Ну и напоследок подарки и письма к померанской родне. Во-первых, забывать грех, а во-вторых, чтобы они не забывали…
– Дозволь слово молвить, государь! – подал голос Шереметев, оторвав меня от воспоминаний.
– Говори.
– Не вели казнить, великий государь, своего нерадивого холопа, – начал волынку боярин, – а только прошло уж и венчание твое на царствование, и миропомазание, а не приготовили мы тебе платно[13] для парадных выходов. Уже совестно мне и перед боярами и перед митрополитом, а что делать? Повели, государь, начать работу.

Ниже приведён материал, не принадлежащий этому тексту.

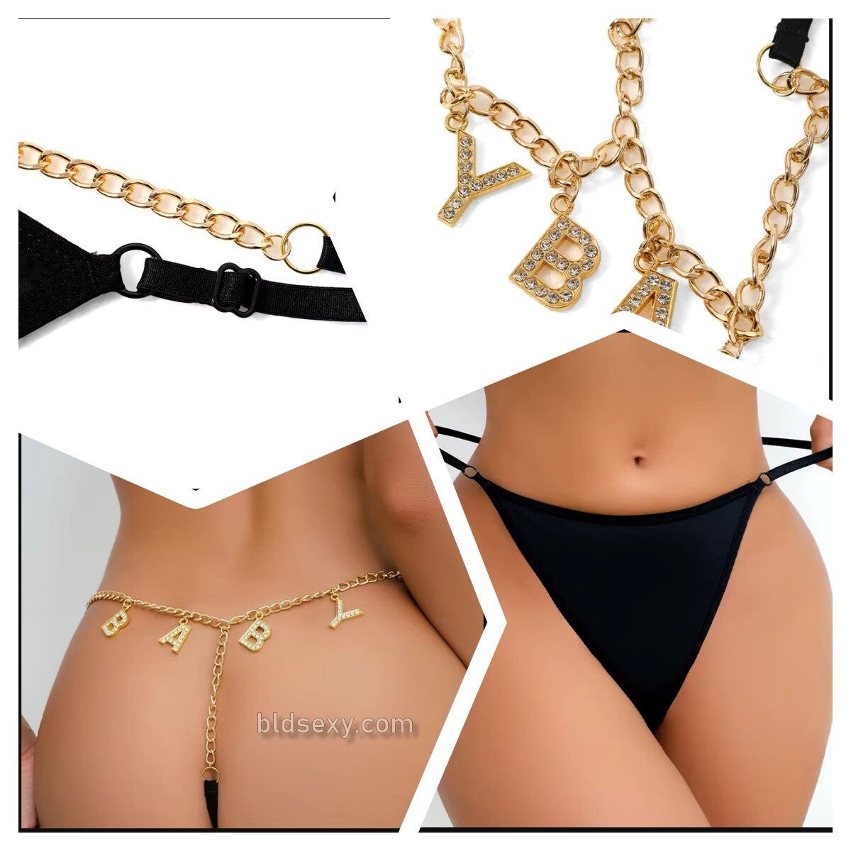 Lingerie String tanga avec breloques dorées Sexy pailletée Baby Diamant

– Какое, к богу, платно, боярин? Посмотри вокруг: в великокняжеском дворце запустение, окна многие доселе досками забиты, а по иным горницам ветер гуляет. Крыши текут и починить их некому! У царя крыша течет, ты понимаешь хоть, какой ужас в этом? Вот по глазам вижу, что не понимаешь! Я сейчас каждый грошик, каждую копеечку, каждую чешуечку[14] серебряную на войско откладываю! А ты говоришь – платно! Ты представляешь, сколько будут стоить парча да шитье золотое? Да ты, видать, хочешь по миру меня пустить и царство мое!

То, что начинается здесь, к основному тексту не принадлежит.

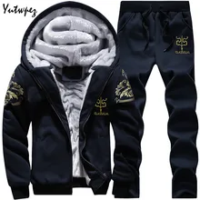 .Gallery for 2019 Thicken Men Tracksuit Set Cardigan Winter Fleece Hooded Men's Jacket+Pants Sweatshirts 2Piece Sets Hoodies Sporting Suit

– Дозволь и мне слово молвить, великий государь, – поднялся с другого конца Пожарский.
– Говори, князь Дмитрий Михайлович.
– Все мы знаем, государь, что ты скромен и, в отличие от многих иных, склонен не к излишествам греховным, а к сугубому воздержанию, и даже паче того – аскезе почти иноческой. И оттого не устаем денно и нощно благословлять Господа нашего, пославшего нам столь благочестивого монарха. Однако мы есть третий Рим, и царю нашему без пышности и благолепия никак нельзя, ибо без того будет умаление царства твоего. Оттого говорю тебе, государь: послушай верных слуг твоих и не противься, когда мы о блеске твоего платья радеем. Нельзя русскому царю без того, а деньги… что же, деньги – дело наживное.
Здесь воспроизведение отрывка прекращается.